Boasting a midfield with names such as Andrew McGrath, Will Setterfield, Tim Taranto and Oliver Florent, expect Sandringham to get their hands on the football.
McGrath could well warrent a Top five pick come November and has shown twice this year he can win his own football collecting over 40 disposals against Gippsland and Bendigo.
Setterfield made a successful return from injury against Bendigo, playing one of his best games for the season in the midfield.
Across half back, Ari Sakeson and Jack Scrimshaw have shown some good agility getting round their opposition and will be crucial for the Dragons to rebound the ball out of defence.
The Dragons will look to get the ball in Scrimshaw’s hands to catapult them forward and their opponents will need to watch Scrimshaw carefully in an attempt to keep him out of the play.
Inside 50, Sandringham have relied on bottom age talls Hayden McLean and Isaac Morrisby.
Both talls have shown good signs this season, being apart of the Vic Metro U17 Futures squads throughout the year. You could make a case that McLean will be in the first handful of talls for the 2017 draft pool.
Both are sound overhead and are strong enough to out muscle their opponents.
Vic Metro ruckman Lachlan Filipovic‘s hitout numbers have been good in the ruck and he will be crucial for the Dragons to get first use of the ball.
Filipovic is relatively new to football and has mounted a case that should see him earn a rookie spot come November 28.
For me, I think the Dragons are the best Metro side that made it through the finals. They will have to do it the hard way and win four games to be crowned as premiers, but their midfield is the best in the competition and if they can go in and win the hard stuff they’ll be tough to beat.
Missing finals in 2015 was a kick in the guts for Sandringham and they won’t want to let this opportunity slip at glory. If their defence can hold up against Eastern’s strong forwards, they shouldn’t have any issues accounting for the elimination final.
6th Oakleigh Chargers
Can they pull off a three peat? Oakleigh have won back-to-back finals and have well & truly been the benchmark over the last few seasons. This year they haven’t been able to gel it all together, with injuries, Vic Metro and school commitments meaning they haven’t had their Best 23 on the park each week.
Bottom age midfielder Jack Higgins has been crucial on the inside for the Chargers when he hasn’t been away playing school football. Higgins has averaged 22 disposals and two goals throughout the season and looms as a first round pick in 2017.
19-year-olds Campbell Lane and Lachlan Walker have been superb throughout the season, able to find the footy without any issues. Both are the only two Chargers to have averaged over 25 disposals, having played 27 games between them.
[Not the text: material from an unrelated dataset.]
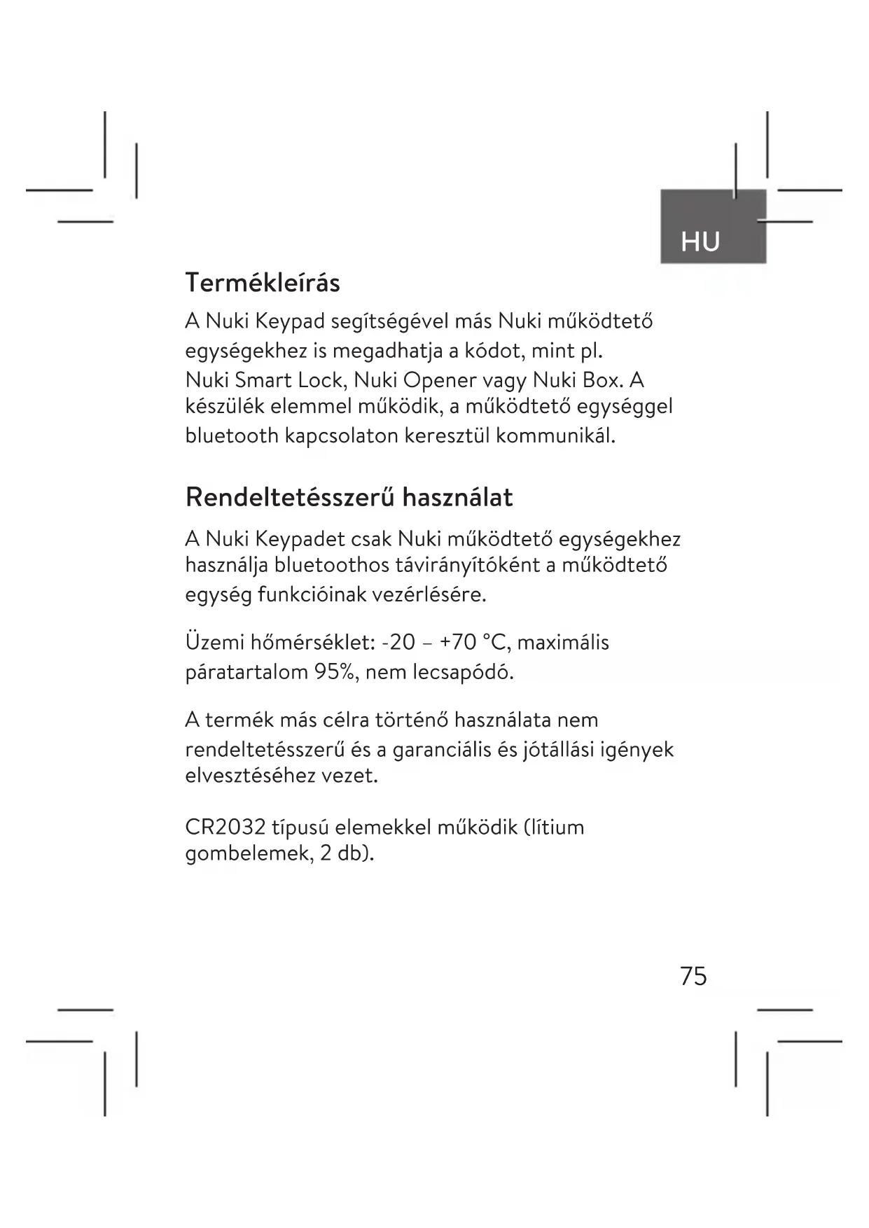 Termékleírás A Nuki Keypad segítségével más Nuki működtető egységekhez is megadhatja a kódot, mint pl. Nuki Smart Lock, Nuki Opener vagy Nuki Box. A készülék elemmel működik, a működtető egységgel bluetooth kapcsolaton keresztül kommunikál. Rendeltetésszerű használat A Nuki Keypadet csak Nuki működtető egységekhez használja bluetoothos távirányítóként a működtető egység funkcióinak vezérlésére. Üzemi hőmérséklet: -20 – +70 °C, maximális páratartalom 95%, nem lecsapódó. A termék más célra történő használata nem rendeltetésszerű és a garanciális és jótállási igények elvesztéséhez vezet. CR2032 típusú elemekkel működik (lítium gombelemek, 2 db).76

Up forward Oakleigh will be looking to Patrick Kerr to hit the scoreboard. Kerr booted three in their elimination final last year and if he can repeat that effort again throughout the finals they should be able to progress to the second week.
Kerr is a tough opponent on the lead and has worked on his cleanliness at ground level. Josh Daicos has the potential to be damaging inside 50 and may provide the spark they need to get through the first final.
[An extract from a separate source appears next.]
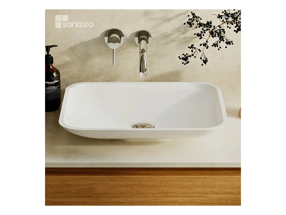 Vasque à poser ANJA - 75% Minéral Blanc Mat Rectangle 49.9*39.9cm*H9.2cm - LAVABERG

Toby Wooller has also been prominent inside 50 and will be another target the Chargers will look for after he dominated APS school football for Scotch College.
Swingman Nick Larkey will move between ends and has been known to float forward late in games and boot goals.
Medium defenders Jordan Ridley and Taylin Duman both had a taste of Vic Metro football in June and will be two names that could really push themselves up draft orders should they play well.
Oakleigh may not have had the best year- But they did knock off Sandringham Dragons a few weeks ago and if they produce an effort similar to that they could be hard to stop.
7th Calder Cannons
There is no denying the Cannons are a hard team to read.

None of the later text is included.